Pebbles, the Guinness World Record Holder for Oldest Living Dog, has passed away of natural causes at her home on Monday 3 October 2022, five months shy of her 23rd birthday.

Pebbles was crowned the world’s oldest dog by Guinness World Records in May this year, after her owners, Bobby and Julie Gregory, saw a new segment about the previous official oldest dog and realised their dog was actually a year older.

“It has been said she has given us more than we have ever given her, and no statement could be truer”

Her family said in a statement, “Pebbles was born on March 28, 2000, on Long Island NY. Pebbles lived a long happy life full of love.

“In 2007 her family moved to Taylors, South Carolina, where she spent the remainder of her life. IN her early years she loved to play and run. Weighing in at just 4lbs most of her life, you would never know how strong she was by just looking at her.”

The statement added, “She had 32 puppies in her lifetime with her partner Rocky. The late Rocky and her shared many years of companionship. She spent her days enjoying country music and being loved. She enjoyed trying new foods, she was pampered, and most of all she was loved.
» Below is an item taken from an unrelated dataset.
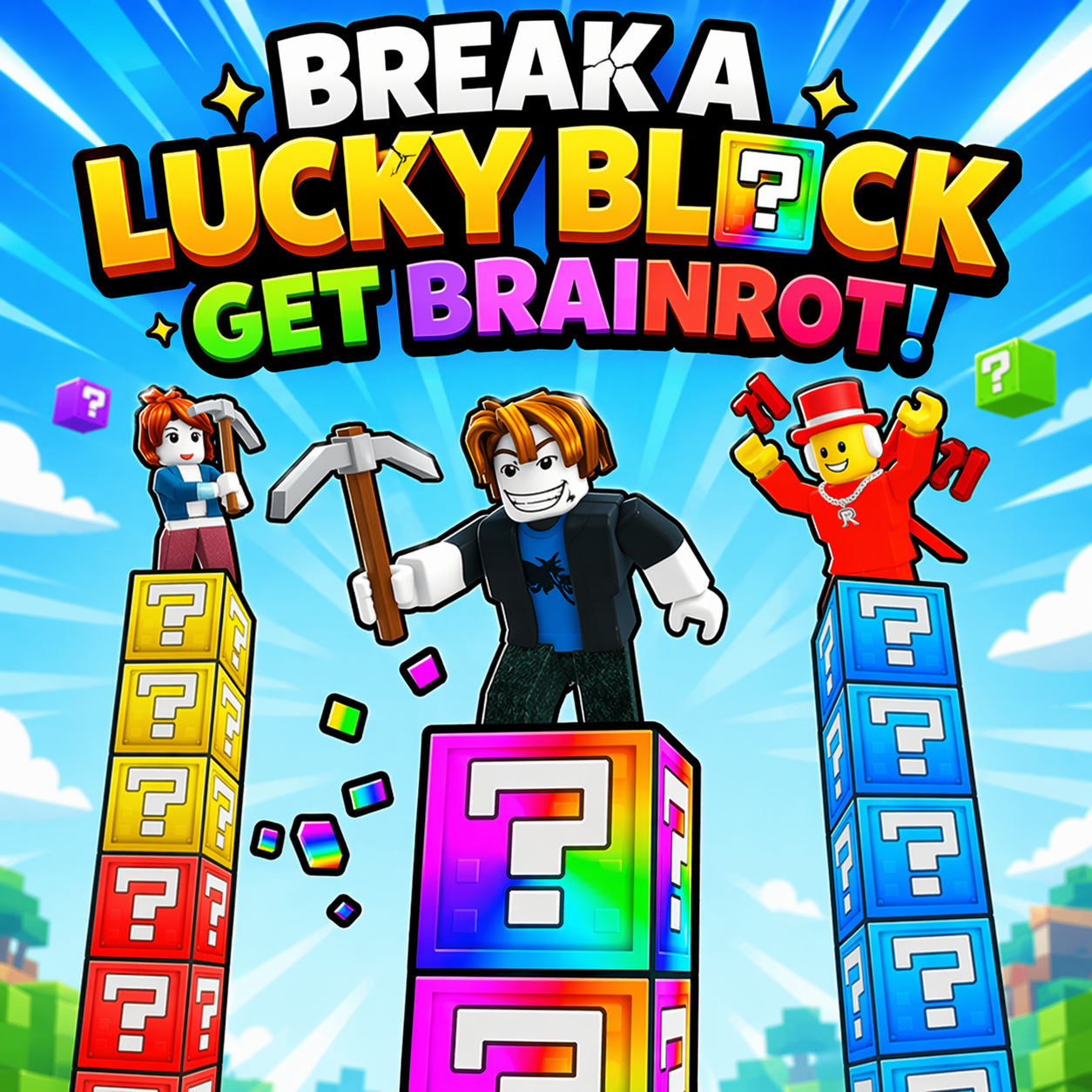 Break a Lucky Block - Get Brainrot! mixes strategy and physics into a chaotic battlefield where every lucky block can change your entire team. Players break blocks to summon different units, each with unique power, then place them into battle formations to face incoming enemies. Winning depends on smart tactics, timing upgrades, and choosing the right combination of fighters. As battles progress, enemies become stronger, forcing you to constantly adapt and evolve your strategy to survive.

“It has been said she has given us more than we have ever given her, and no statement could be truer. She impacted everyone she encountered. Pebbles was not just another dog; she had her own way about her, and her own personality. She was a once in a lifetime companion, and it was our honour to have had the blessing to have her as a pet and family member.”
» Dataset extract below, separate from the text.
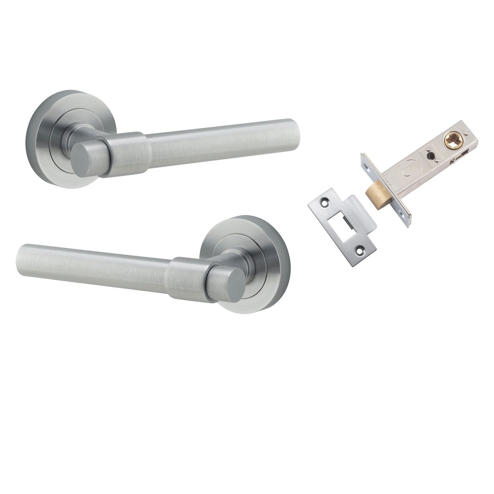 Included in Kit: Door Lever Helsinki Round Rose Brushed Chrome D52xP44mm Passage Kit, Tube Latch Split Cam 'T' Striker Brushed Chrome Backset 60mm

“She will forever be in our hearts”

“There was never anyone who met Pebbles that didn’t love her. She will be deeply missed. Thank you everyone for your love and support for Pebbles throughout her life and her journey. She will forever be in our hearts.”

According to Guinness World Records, the greatest reliable age recorded for a dog is 29 years 5 months for an Australian cattle-dog named Bluey, who was born in 1910 and worked among cattle and sheep for nearly 20 years before being put to sleep on 14 November 1939.